The [all] will installed all dependencies (see the documentation for a light install).

Table generation

The synthesis algorithm requires generating oracle tables derived from a grammar (a set of variables and operators). Qsynthesis installation provides the utility qsynthesis-table-manager enabling manipulating tables. The following command generate a table with 3 variables of 64 bits, 5 operators using a vector of 16 inputs. We limit the generation to 5 million entries.
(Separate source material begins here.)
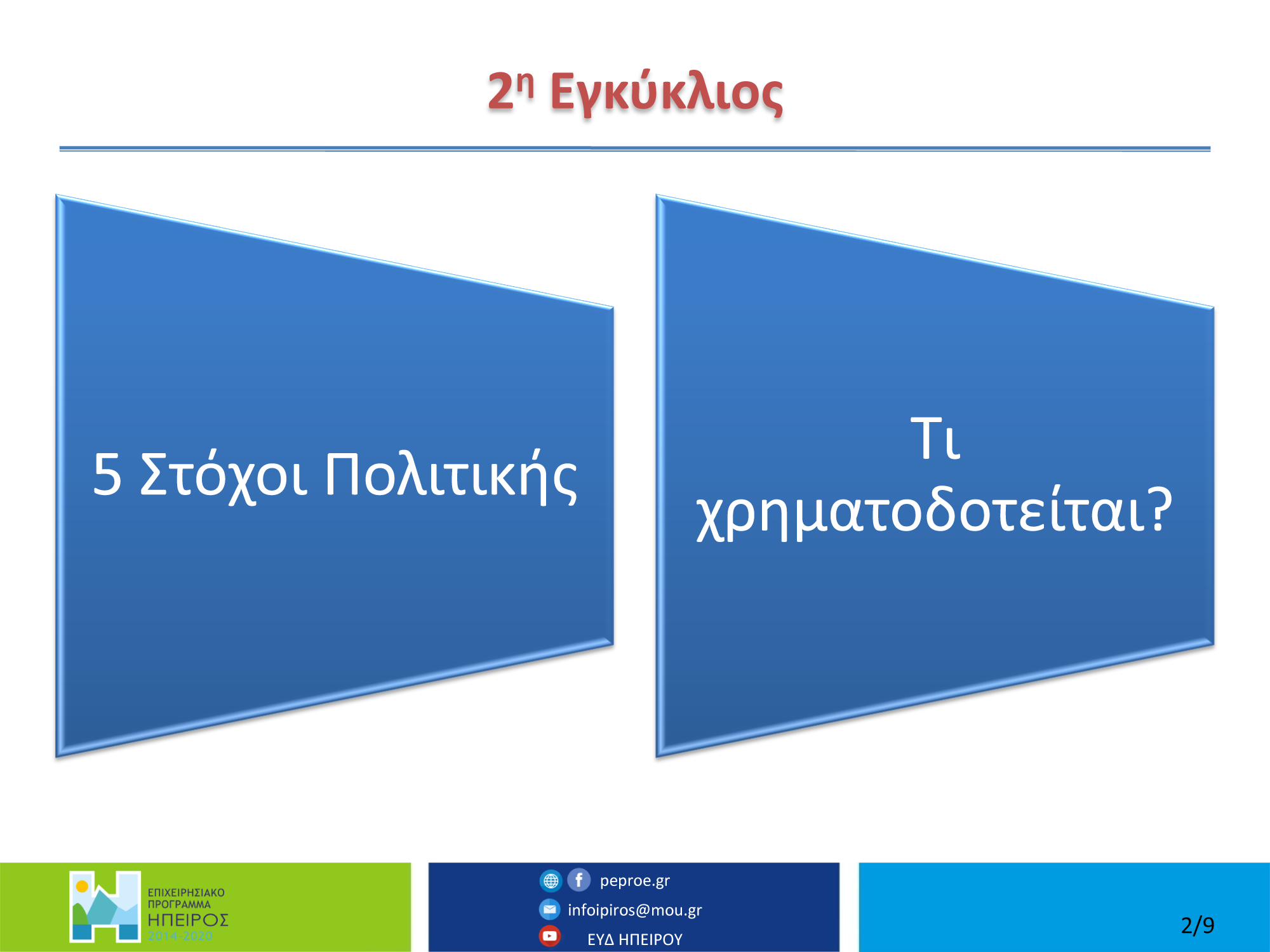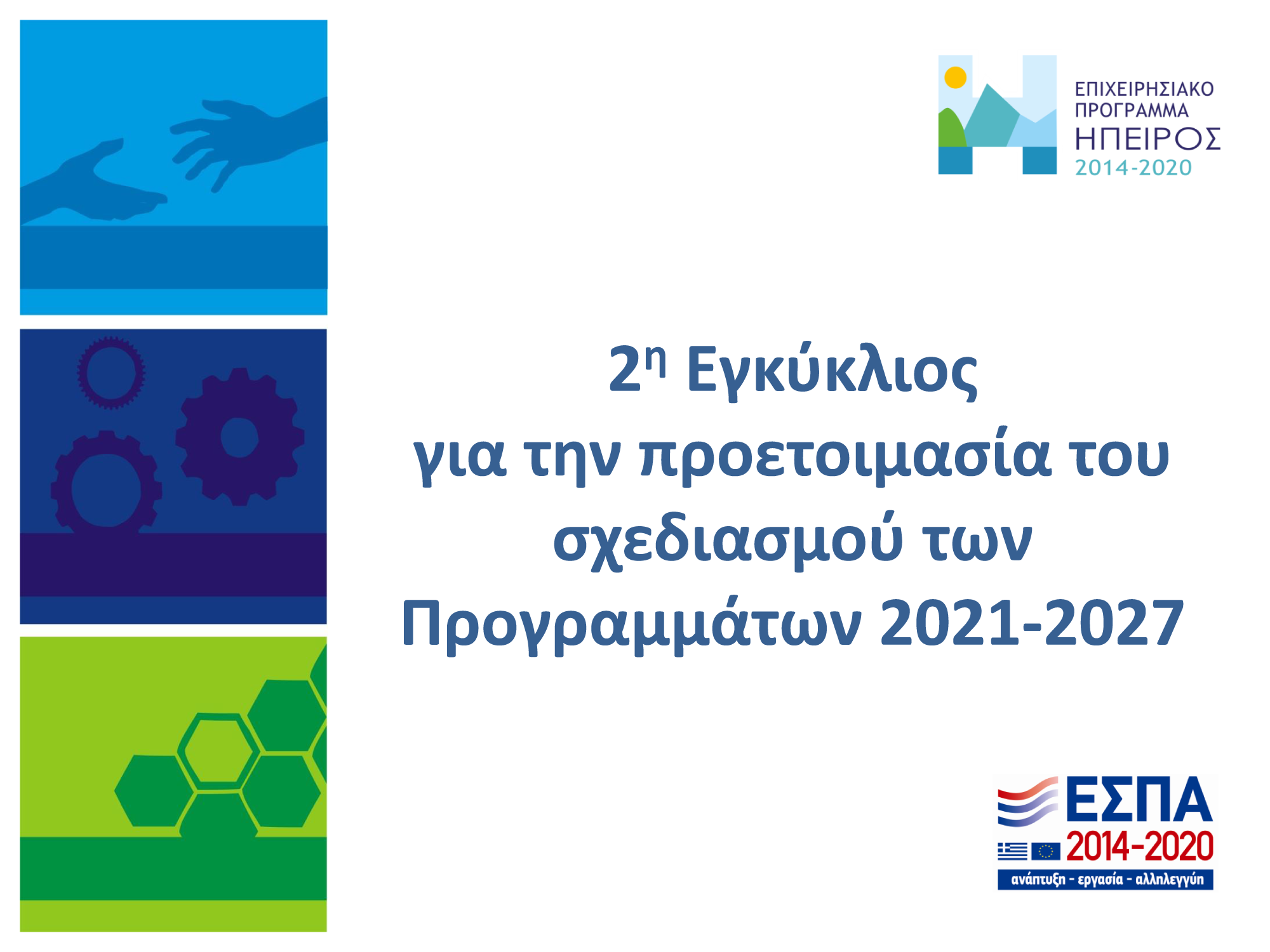 2η ΕγκύκλιοςΗ 2η Εγκύκλιος που περιέχει τις βασικές αρχές που θα διέπουν τη δομή και το περιεχόμενο των προγραμμάτων της Προγραμματικής Περιόδου 2021-2027 που θα χρηματοδοτηθούν από το Ευρωπαϊκό Ταμείο Περιφερειακής Ανάπτυξης (ΕΤΠΑ), το Ταμείο Συνοχής (ΤΣ), το Ευρωπαϊκό Κοινωνικό Ταμείο + (ΕΚΤ+), το Ταμείο Δίκαιης Μετάβασης (ΤΔΜ) και το Ευρωπαϊκό Ταμείο Θάλασσας και Αλιείας (ΕΤΘΑ).

$ qsynthesis-table-manager generate -bs 64 --var-num 3 --input-num 16 --random-level 5 --ops AND,NEG,MUL,XOR,NOT --watchdog 80 --limit 5000000 my_oracle_table
Generate Table
Watchdog value: 80.0
Depth 2 (size:3) (Time:0m0.23120s)
Depth 3 (size:21) (Time:0m0.23198s)
Depth 4 (size:574) (Time:0m0.26068s)
Depth 5 (size:400858) (Time:0m21.23231s)
Threshold reached, generation interrupted
Stop required
Depth 5 (size:5000002) (Time:4m52.56009s) [RAM:9.52Gb]

Note: The generation process is RAM consuming the --watchdog enables setting a percentage of the RAM above which the generation is interrupted.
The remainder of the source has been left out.